We agree that the case at bar differs from previous cases construing the constitutional mandate of article IX, section 7, since the sums here were voluntarily paid upon citations for violations. However, defendant’s reading of the language used by the Henderson Court to differentiate “fines” from “penalties” is unduly restrictive. The heart of that court’s distinction lies not in whether the monies are denominated “fines” or “penalties.” Indeed, we have often stated that the label attached to the money does not control. State v. Rumfelt, 241 N.C. 375, 85 S.E. 2d 398 (1955); School Directors v. City of Asheville, 128 N.C. 249, 38 S.E. 874 (1901). Neither does the heart of the distinction rest in whether there has been an actual criminal prosecution resulting in a “sentence pronounced by the court.” Board of Education v. Henderson, 126 N.C. at 691, 36 S.E. at 159. The crux of the distinction lies in the nature of the offense committed, and not in the method employed by the municipality to collect fines for commission of the offense. A “fine” is a “sum of money exacted of a person guilty of a misdemeanor, or a crime.” State v. Addington, 143 N.C. 683, 686, 57 S.E. 398, 399 (1907); State v. Rumfelt, supra. The constitution mandates that “all fines collected in the several counties for any breach of the penal laws of the State” be appropriated to the school fund.
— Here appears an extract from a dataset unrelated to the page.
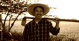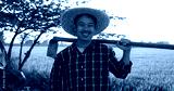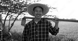 Happy Asian Farmer holding a hoe and looking at camera green paddy field on background.

The inquiry addressed by the Henderson Court, then, was whether the monies in dispute were collected for violations of the criminal laws of the State or for violations of city ordinances. The Court determined that, since G.S. 14-4 *345makes violations of city ordinances misdemeanors, the sums in question were collected for breach of the State’s penal laws.
We hold that the same result must ensue here. The Ashe-ville Code makes it unlawful to park overtime. G.S. 14-4 specifically makes criminal the violation of a city ordinance, unless “the council shall provide otherwise” pursuant to G.S. 160A-175(b). Thus, where, as here, the ordinances do not provide otherwise, a person who violates the overtime parking ordinance also breaches the penal law of the State. See State v. Barrett, supra. Consequently, fines collected for overtime parking constitute fines collected for a breach of the penal laws of the State. We, therefore, hold that the clear proceeds of all penalties, forfeitures and fines collected for breaches of the ordinances in question remain in Buncombe County and be used exclusively for the maintenance of free public schools.
We note that the trial judge here ordered “that the Board of Education of the County of Buncombe have and recover of the Defendant City of Asheville an amount equal to the clear proceeds of all penalties, forfeitures, or fines collected for the violation of the parking ordinances.” [Emphasis added.] This was error. The correct procedure requires that the clear proceeds of the monies collected by the City shall be paid to the Buncombe County finance officer who shall disburse those funds in the same manner as is provided for the disbursement of penalties, fines and forfeitures collected for other breaches of the penal laws of the State. Upon receipt of these monies, the finance officer of Buncombe County must “forthwith determine what portion of the total is due to each administrative unit in the county and remit the appropriate portion of the amount to the finance officer of each administrative unit.” G.S. 115-100.35. [Emphasis added.]
The portion of the Court of Appeals decision affirming that part of Judge Bruce’s judgment which adjudged that only the Board of Education of the County of Buncombe should have the right to recover “the clear proceeds of all penalties, forfeitures or fines collected for the violation of the parking ordinances” is reversed; in all other respects, the decision is affirmed. This cause is remanded to the Court of Appeals for further remand to the Superior Court of Buncombe County for entry of judgment consistent with this opinion.
*346Reversed in part; Affirmed in part and Remanded.
Justice Brock did not participate in the consideration or decision of this case.